AI evals framework for data & analytics engineering teams.
Project description
evaldata
Test AI-generated SQL before it reaches production.
evaldata runs evals as ordinary pytest tests in your existing CI. It can prove SQL
equivalence without executing queries, fall back to warehouse execution, or use an LLM judge
for ambiguous cases.
Why evaldata
evaldata can often decide SQL equivalence without running the query or calling a grader.
When structure is inconclusive, it falls back to warehouse execution or an LLM judge.
- Semantic equivalence. Confirm two queries have the same meaning by comparing their
structure. No execution, no guessing — when it can't confirm, it returns
unknown. - Execution in your warehouse. Run the query on DuckDB, Postgres, or Databricks and compare the results, accounting for row order, NULLs, float tolerance, and types.
- It's just
pytest. Every eval is a test, run in your suite and your CI on every PR. No new runner, notebook, or dashboard. - An LLM judge when you need one. For ambiguous questions, missing reference answers, or explanations to grade, use a grader model with explicit criteria.
evaldata reproduces dbt's own Semantic Layer benchmark locally on DuckDB — same dataset, questions,
and model — scoring 96.4% with gpt-5.3-codex as pytest tests. See
Reproduce dbt's Semantic Layer benchmark.
Quickstart
uv add evaldata # core, includes the DuckDB adapter
An eval is a pytest test: a case (a question and its expected answer), a solver
(the system under test that writes the SQL), and a scorer (how the answer is judged).

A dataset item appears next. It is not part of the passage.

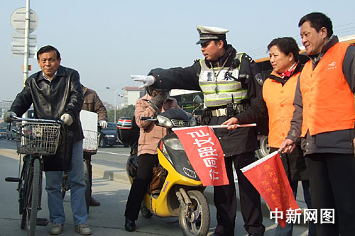 日前,在浦東盧浦大橋下的第一個(gè)叉路口、耀華路西營路路口,世博場館西大門的第一個(gè)交通崗,上鋼社區(qū)交通文明志愿者分別從浦東交警支隊(duì)三大隊(duì)教導(dǎo)員曹德勝和上鋼街道文明辦主任彭薇芬手中接過“爭創(chuàng)示范文明崗”的旗幟后,浦東世博區(qū)域警民攜手共同創(chuàng)建世博交通第一崗正式啟動(dòng)。
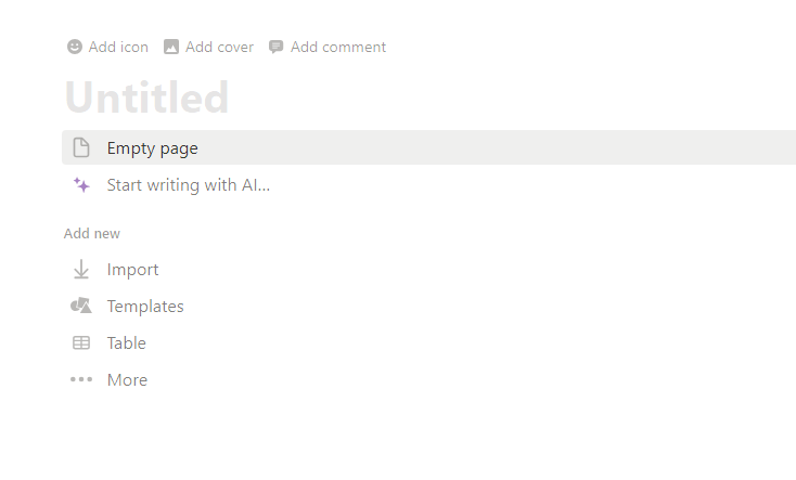 비어있는 페이지에 제목을 적어주고, 엔터를 누르면

Below, the AI's SQL is written differently from the reference query — reordered predicates,
different casing — but means the same thing. observed_equivalence() proves the match from
the query structure alone; no query runs.
from evaldata import CallableSolver, EvalCase, assert_eval, eval_case, observed_equivalence
from evaldata.platforms import duckdb_platform
platform = duckdb_platform(name="shop", path="shop.duckdb")
@eval_case(
input="Name the US customers with an id above 1.",
expected={"kind": "gold_query", "sql": "SELECT name FROM customers WHERE country = 'US' AND id > 1"},
platform=platform,
)
def test_us_customers(case: EvalCase) -> None:
solver = CallableSolver(lambda c: "select NAME from customers where id > 1 and country = 'US'")
assert_eval(case, solver, scorers=[observed_equivalence()])
uv run pytest
case result detail
──────────────────────────────────
test_us_customers PASS
1 passed, 0 failed
The full runnable version is in
examples/01_deterministic/test_showcase.py.
To test a real model instead of fixed SQL, swap the solver for
PromptSolver(model="openai/gpt-4o-mini") (needs the evaldata[litellm] extra). To judge
equivalence without a warehouse, swap the scorer for judged_equivalence(model).
Install
uv add evaldata # core (includes the DuckDB adapter)
uv add "evaldata[postgres]" # + Postgres adapter
uv add "evaldata[databricks]" # + Databricks adapter
uv add "evaldata[litellm]" # + litellm, to call a model as the AI under test
DuckDB, Postgres, and Databricks are the adapters available today. Snowflake and BigQuery are planned.
Documentation
Full documentation: monospaceai.github.io/evaldata
- Getting started — write and run your first eval.
- Concepts — cases, solvers, scorers, and platforms.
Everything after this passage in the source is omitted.